The air stirring expedient most often used in citrus groves is the wind machine, consisting of a large propeller, driven by a powerful engine. It is intended to mix the warmer air from just above the trees with the cold layer of air that forms among them. To be effective, a wind machine must necessarily consume a substantial amount of fuel. Since one wind machine can stir up air in only a limited area, a grove of any substantial size has to have a number of wind machines, each representing a substantial investment that is idle most of the time. Helicopters have been employed as a substitute for wind machines, but operating a helicopter is by no means inexpensive, and it requires an especially skilled pilot because the helicopter has to be flown at treetop level to be effective. Of course air mixing cannot be successful in any case if the higher level air is not warm enough.
Water spraying, which has the advantage of being non-polluting, puts heat into the air. But it can only be effective if enough sprays are used, each putting out an adequate volume of water. Therefore, water spraying not only requires the presence of a plentiful water supply but involves a large investment in pumping equipment and demands a high energy expenditure for pumping the water.
In the light of the present invention, these prior expedients for preventing frost damage can now be seen as inefficient because they did not take into account the conditions that create the possibility of such damage. In regions where citrus fruits are grown, frost conditions usually develop when the air is calm, or nearly so. As the ground loses its heat, small areas cool more rapidly than the rest of the ground, and the air over such cold areas, no longer heated by upward radiation, cools correspondingly and settles through the trees, displacing warm air upwardly in adjacent areas. If the subsiding air is cold enough, and remains in contact with the fruit long enough, the juice freezes--at least in parts of the fruit--and the crop is damaged.
Smudging tends to create very localized hot spots near ground level and generates correspondingly narrow rising currents of heated air. Because the air in these updrafts is so much hotter than the surrounding air, they rise at a high velocity, and consequently little horizontal mixing takes place. The dense smoke from smudging tends to block upward radiation, and thereby prevents some loss of heat, but much of the oil is wasted in convective heating of the air above the trees. Because of the lack of horizontal mixing, there can still be crop damage at locations between smudge pots, especially if the atmosphere is unusually cold.
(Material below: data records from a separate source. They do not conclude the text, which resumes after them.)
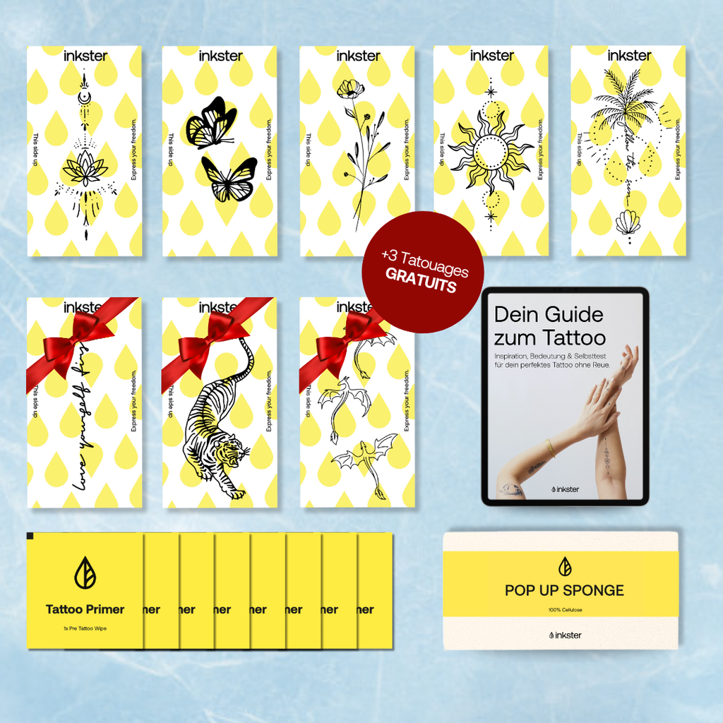 Pour ton tatouage révolutionnaire de 2 semaines d'Inkster, tout ce dont tu as besoin est le tatouage, qui sera livré à ta porte. Les instructions sur la façon d'appliquer le tatouage se trouvent sur l'emballage du tatouage. Ne t'inquiète pas, c'est très simple, rien ne peut mal tourner !
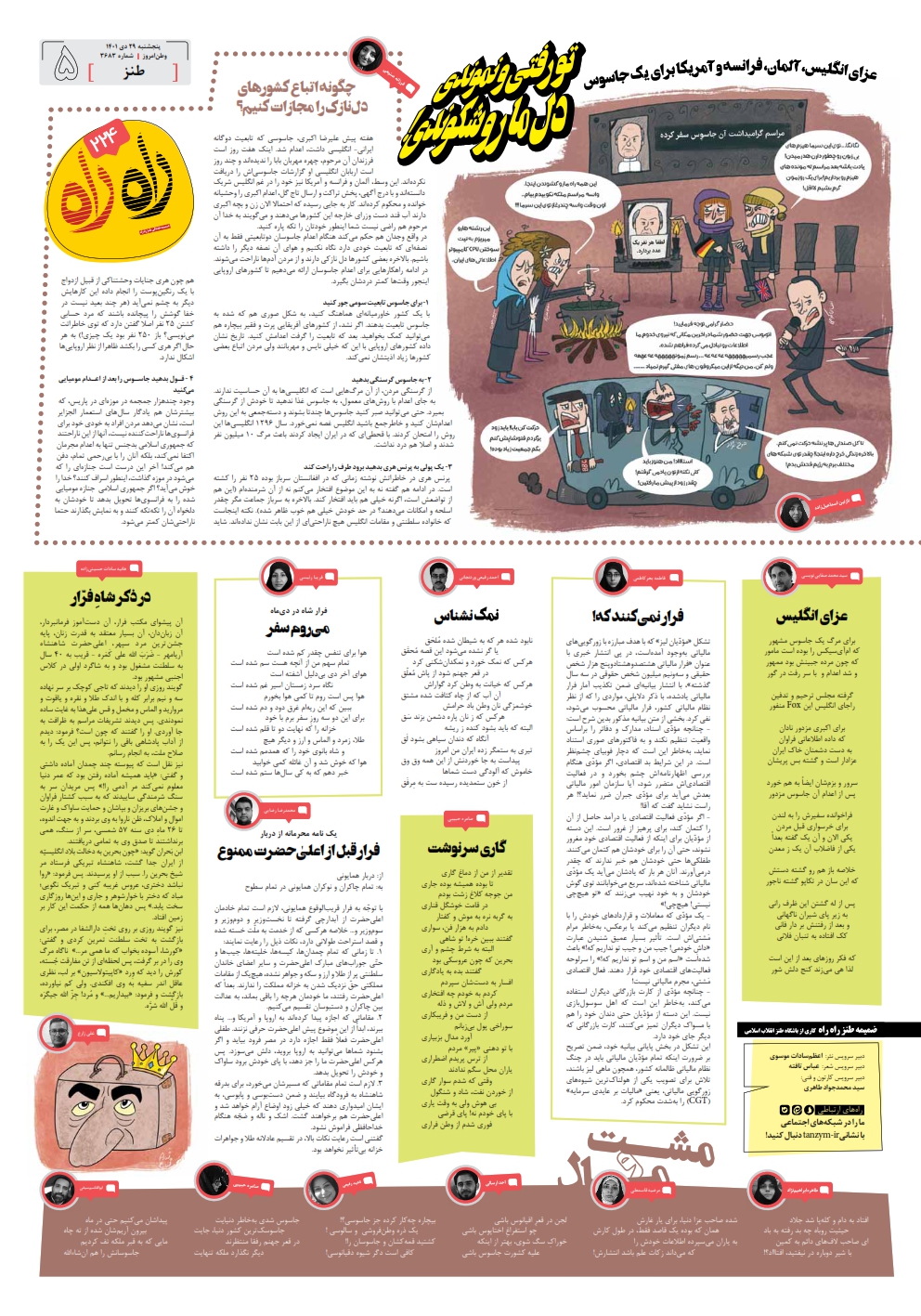 دویست و بیست و چهارمین شماره ضمیمه هفتگی طنز راه راه در روزنامه وطن امروز، صبح امروز –۲۹ دی– منتشر شد.در این شماره از راه راه عزای انگلیس، آلمان، فرانسه و آمریکا برای یک جاسوس و همچنین موضوعات روز را زیر ذره بین برده ایم. طنزها و اشعار و کاریکاتورهای راه راه را از دست ندید.
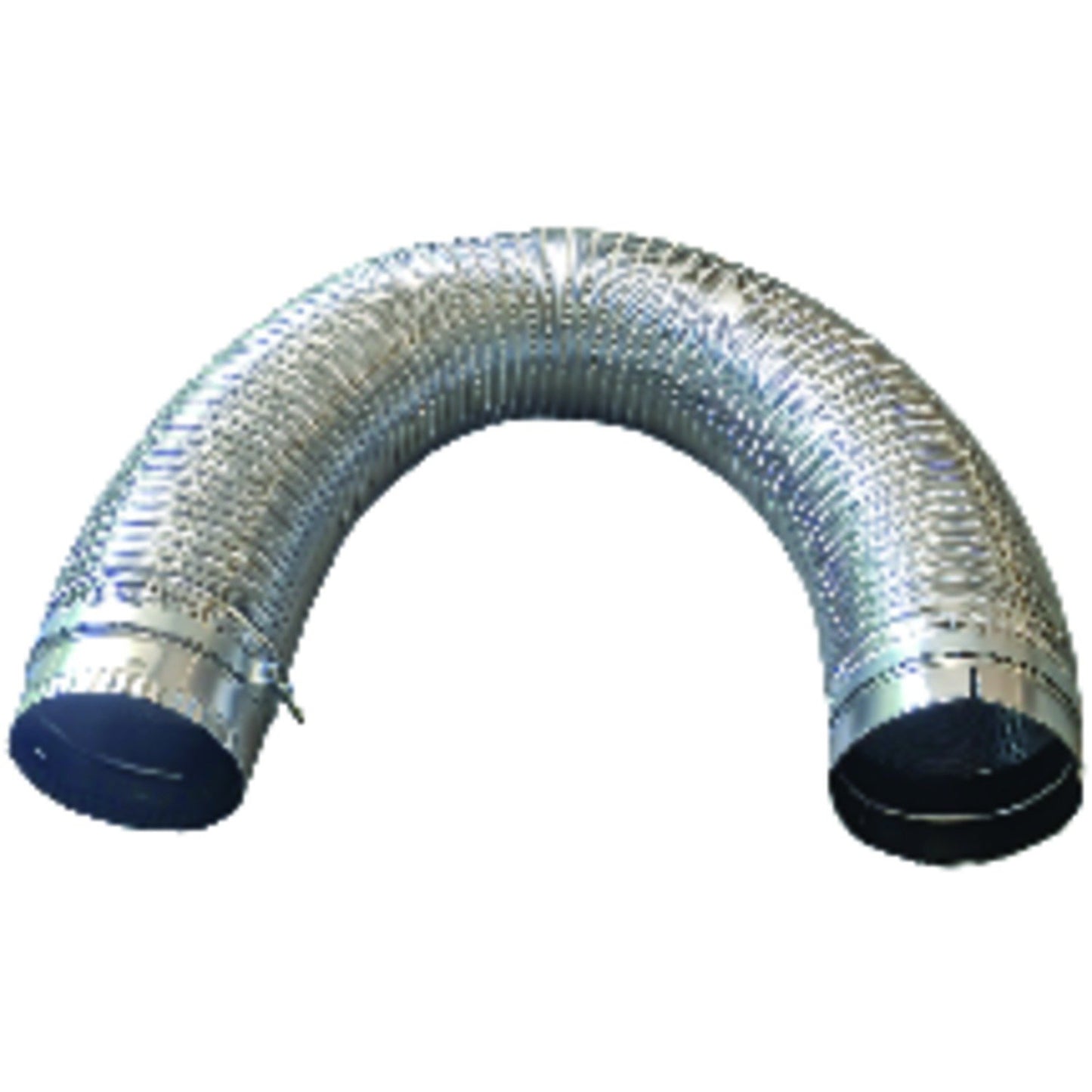 This 8 ft. Dryer Vent Duct has a 4" diameter. It is made of aluminum, semirigid in design and has snap-lock fittings on each end.

Air mixing and water spraying involve much larger capital investments than smudging and, in addition, demand high expenditures for energy.
A fact not heretofore taken into account in applying any of these expedients is that a citrus grove ordinarily has one or more trouble spots where frost usually develops first and is most severe, and it has other areas which are less likely to sustain crop damage. With smudging in particular, efficient employment of manpower seldom accords with efficient operation of the smudge pots. Ordinarily the trouble spots can not be identified, but even if they are known, it is not always feasible to light the smudge pots in the trouble spots first and then work out towards the relatively frost-immune areas. What this means is that a certain amount of fuel is wasted in combatting frost that has not developed and may not develop. The same considerations obviously apply to the use of wind machines, helicopters and water sprays.